A Dual-Market Dynamic
The Realtors Association describes what the data reveals as a dual-market dynamic. High-volume urban markets, primarily Kingston and St Andrew, are driving transaction numbers. High-value, tourism-driven parishes, principally St Ann, are generating strong returns on fewer transactions. St Andrew recorded the highest overall sales volume in 2025. St Ann achieved the highest average residential selling price, reflecting sustained demand from diaspora buyers and investors along the north coast corridor. St Catherine, anchored by Portmore and the expanding Bernard Lodge and Old Harbour developments, continues to feature strongly as infrastructure investment makes more of the parish accessible.
Data as a Policy Tool
The MLS platform offers something Jamaica’s housing sector has historically lacked: systematic, real-time visibility into pricing trends, buyer demand, inventory levels and transaction patterns across parishes. That data has value well beyond the individual transaction.
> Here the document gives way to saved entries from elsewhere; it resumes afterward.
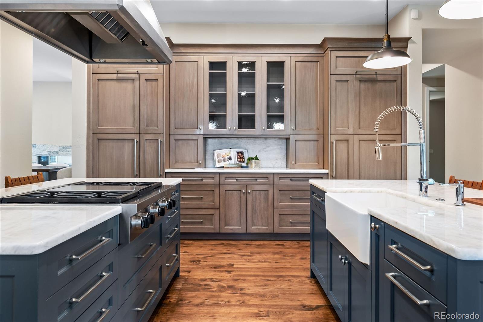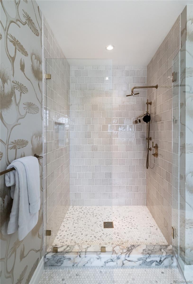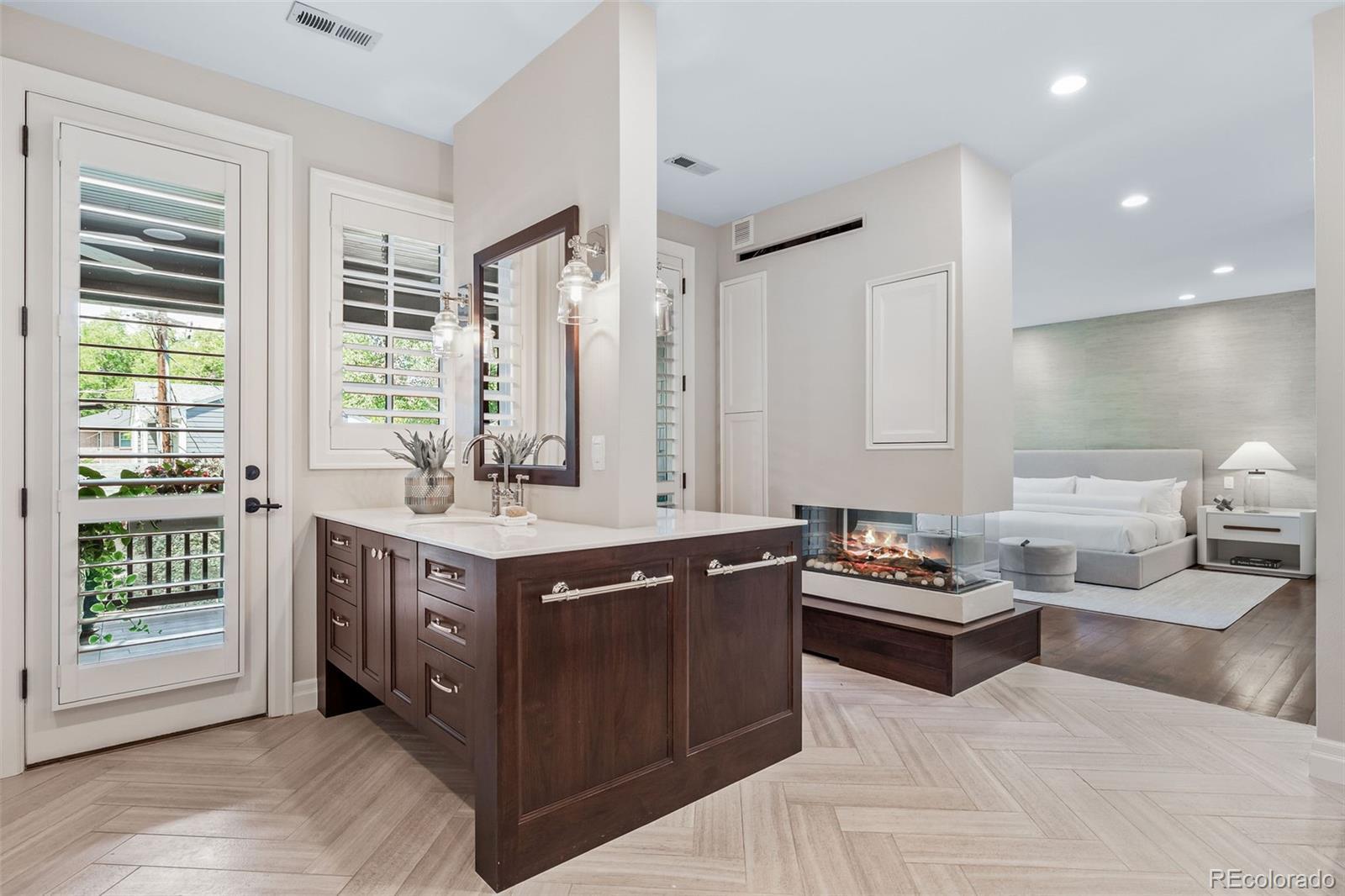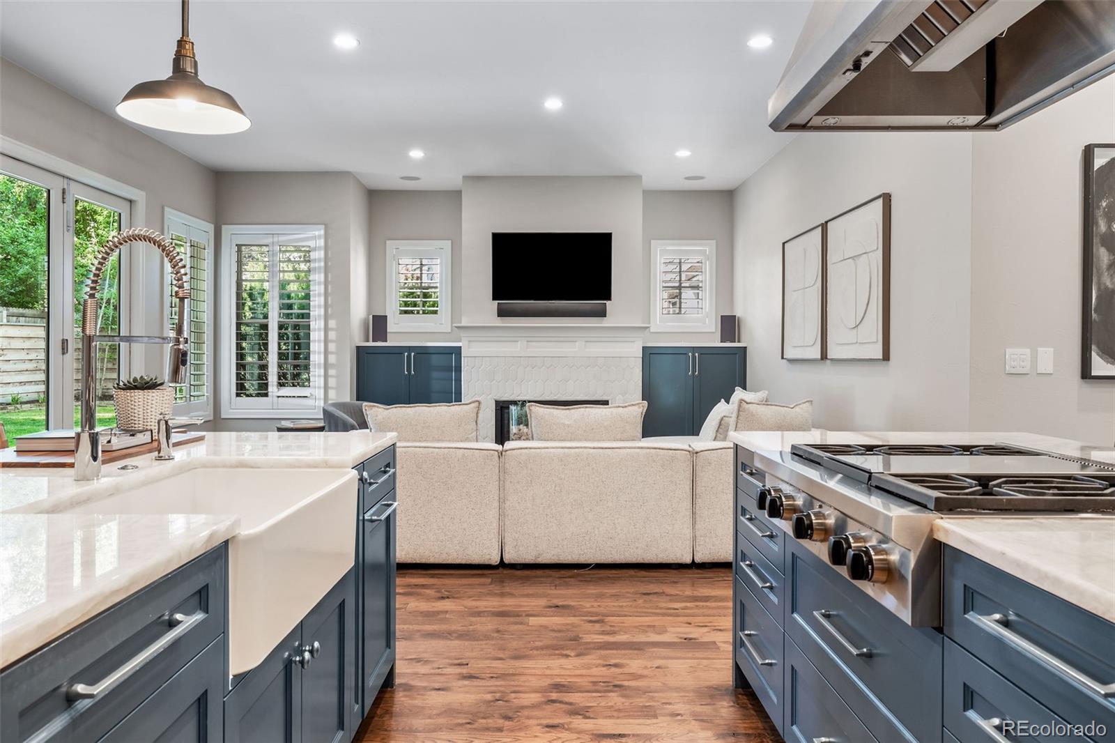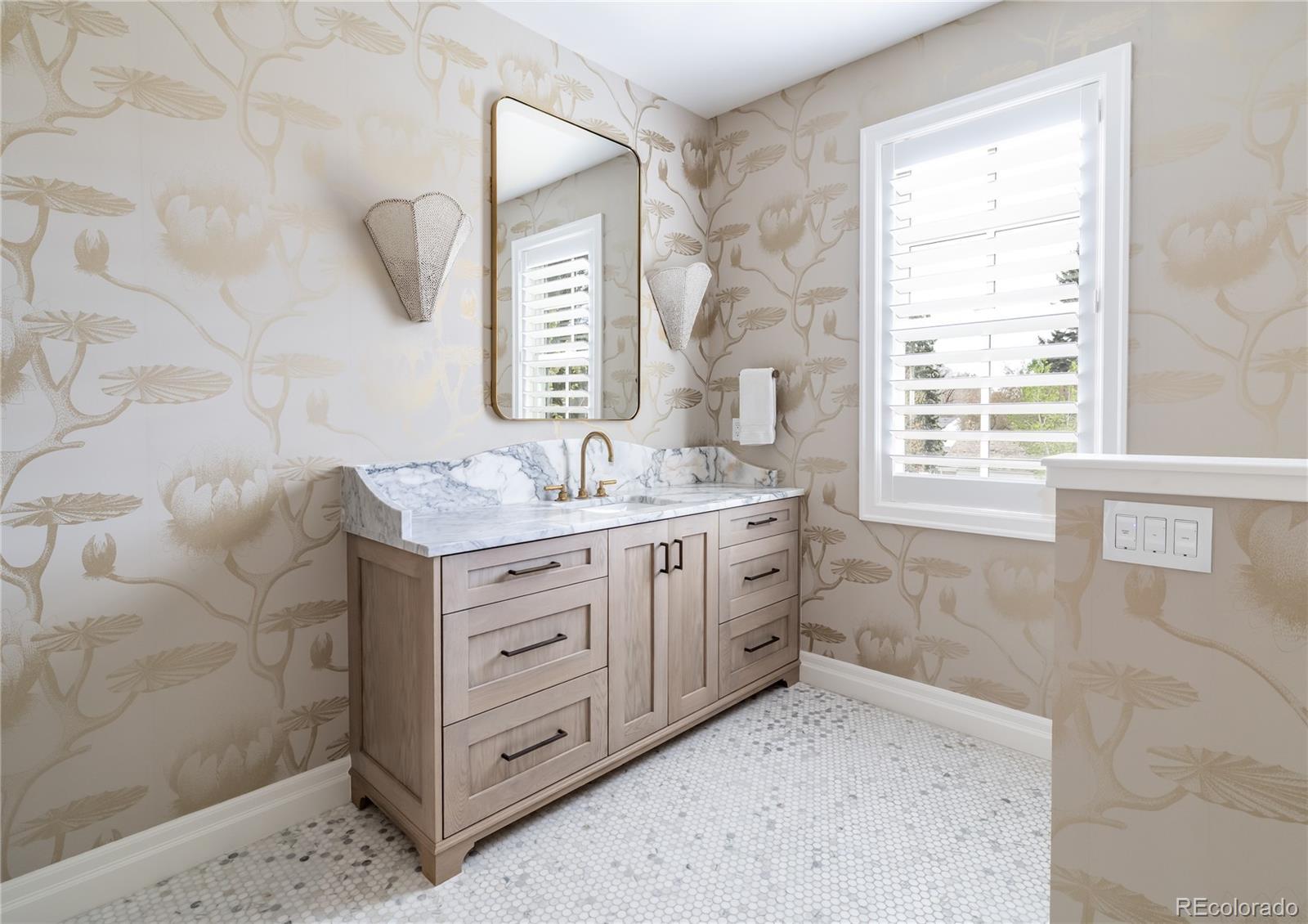 Beautifully proportioned Crestmoor residence set in an exceptionally private setting, thoughtfully updated with a new kitchen and fully renovated baths (2018–2019). Classic architecture is seamlessly paired with refined, designer-selected finishes throughout. Sun-filled interiors feature hardwood floors, soaring ceilings, elegant paint treatments, statement lighting, and plantation shutters. A gracious foyer opens to formal living and dining rooms, anchored by a marble gas fireplace. The custom Thurston kitchen is a true centerpiece, showcasing dual islands, quartzite countertops, Wolf appliances, a walk-in pantry, and butler’s pantry, flowing effortlessly into the breakfast area and family room with fireplace, built-ins, and glass doors leading to the covered patio with barbecue and firepit. The main level also includes a private study with patio access, guest suite with new ¾ bath, chic powder room, and mudroom. Upstairs, four spacious en-suite bedrooms await, highlighted by the stunning primary retreat featuring grass-cloth wallpaper, a dramatic see-through fireplace to the spa-like bath, and French doors opening to a Dasso bamboo-decked patio. The luxurious five-piece primary bath offers herringbone tile floors, steam shower, heated towel racks, and dual sink areas with private patio access. Additional bedrooms include an en-suite guest room and two bedrooms with updated vanities and shared bath. Sunny loft and convenient laundry complete the upper level. The expansive lower level is designed for entertaining, with a recreation room, game room, fitness area, new ¾ bath, and abundant storage. Enhanced with newer HVAC systems, tankless water heaters, Control4 automation, solar panels, four Tesla Powerwall batteries, and a three-car garage. Situated on a generous 12,231-square-foot lot, this exceptional home offers remarkable indoor-outdoor living and captures Denver living at its finest.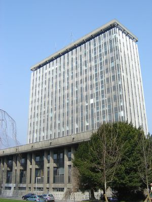 Le bâtiment municipal de 15 étages présente un large socle avec services publics et une tour vitrée conçue par le cabinet Maurice Novarina.
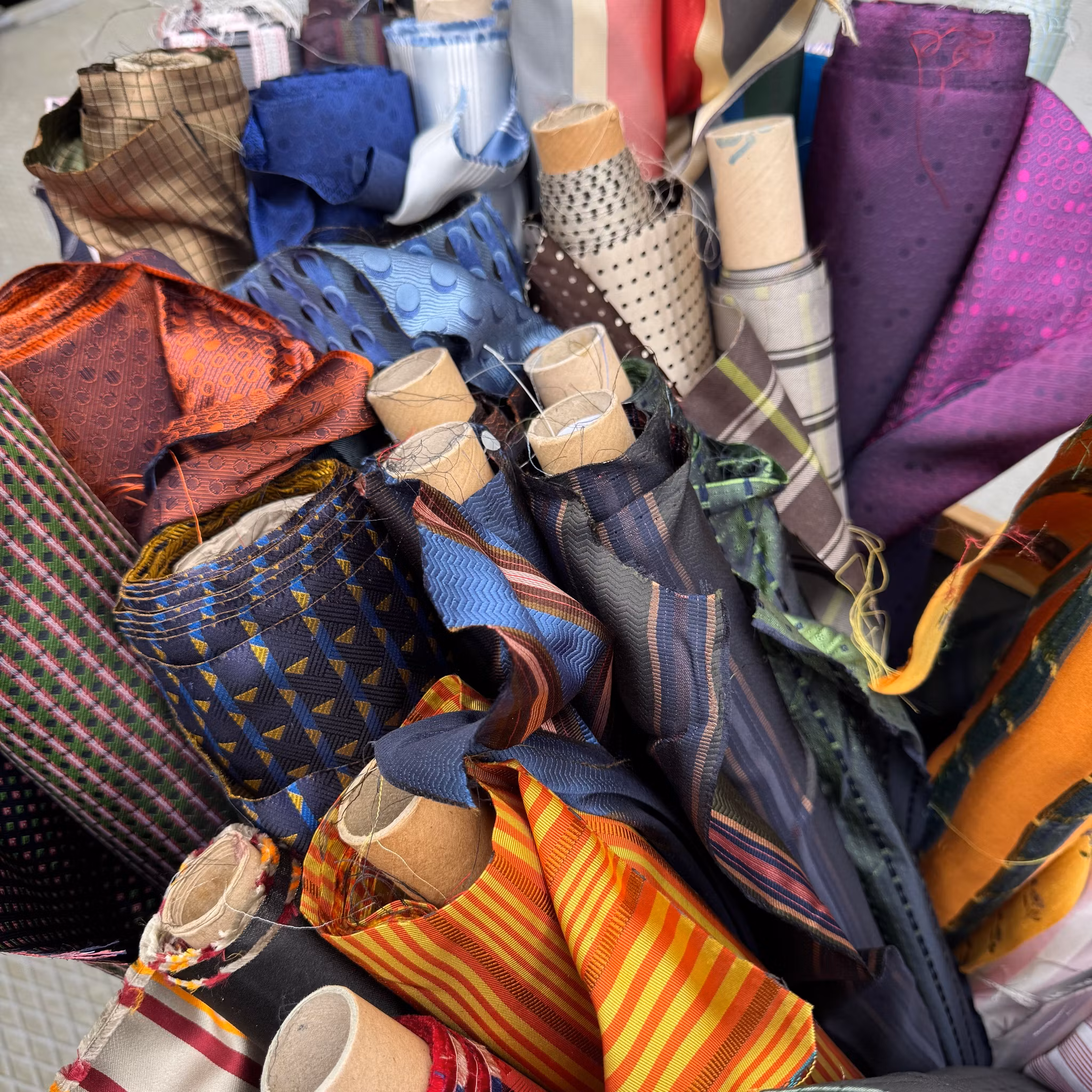 Stuvar av 100% vintagesiden. Olika längder, från 0,5 upp till 5 meter. Finns massor av användningsområden, kan bli fina kuddar, västbakstycken, slipsar och flugor eller allehanda pyssel. En del bitar är långa och då kan det ju blir hel jacka/dräkt. Patchwork är ju en lysande idé annars.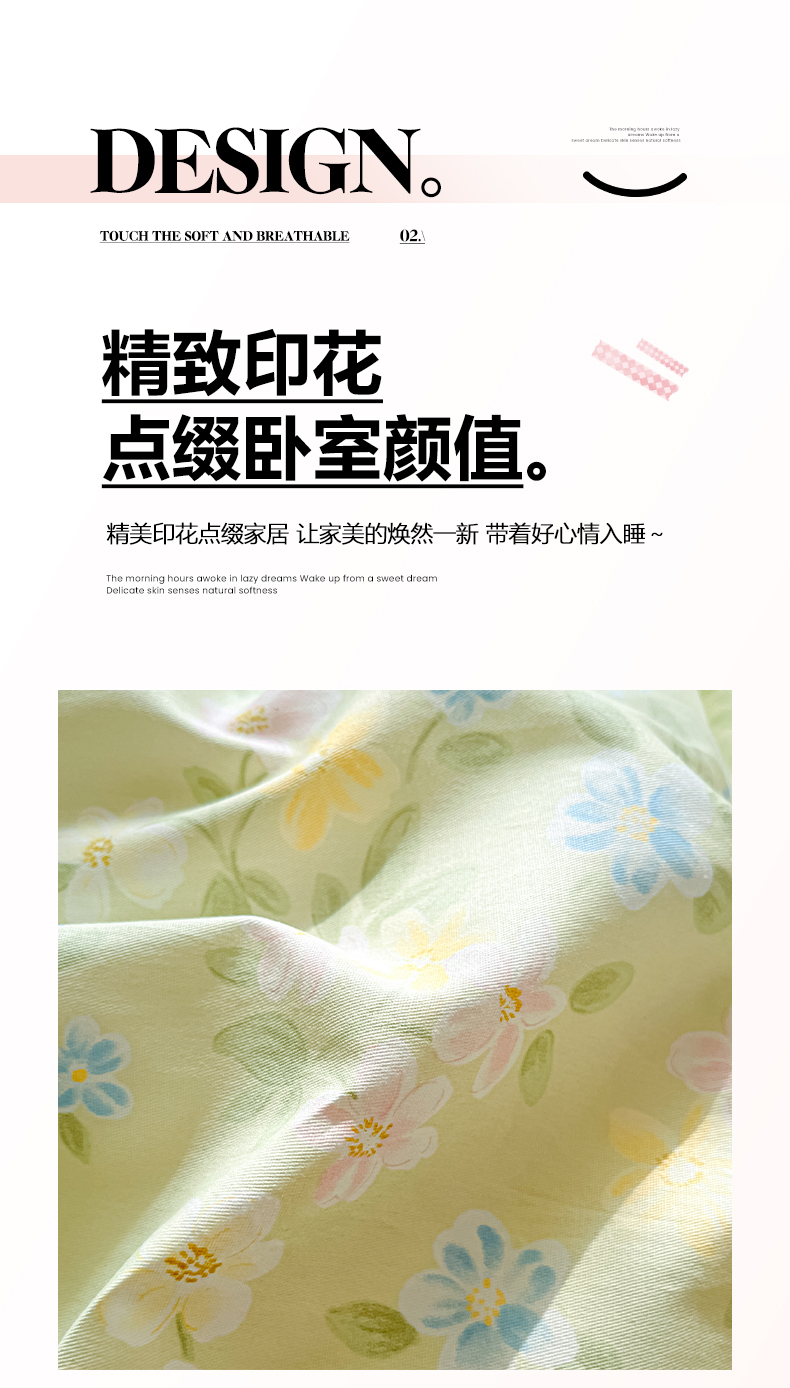 花梦欣 2025新款全棉印花单品系列-四件套悦下花影,悦下花影

It can identify underserved markets, map affordability gaps and flag where infrastructure investment would most directly unlock housing supply. The Realtors Association has emphasised the role this information can play in guiding national housing strategies, particularly in parishes outside the dominant three where demand exists but supply remains thin.
What Buoyancy in a Contracting Economy Means
The fact that Jamaica’s property market maintained strong transaction volumes through a period that included a Category 5 hurricane and a first-quarter economic contraction of 5.9 per cent is significant. It reflects the structural reality that housing demand in Jamaica is driven by necessity, by household formation, by diaspora capital and by long-term confidence in land as a store of value, rather than purely by short-term economic conditions. That structural demand does not make the market immune to pressure. But it does mean the property sector continues to function as one of the more stable pillars of economic activity even when other sectors weaken. The $100 billion figure is not simply a transaction total. It is a measure of how deeply embedded land and property ownership are in how Jamaicans think about their economic future.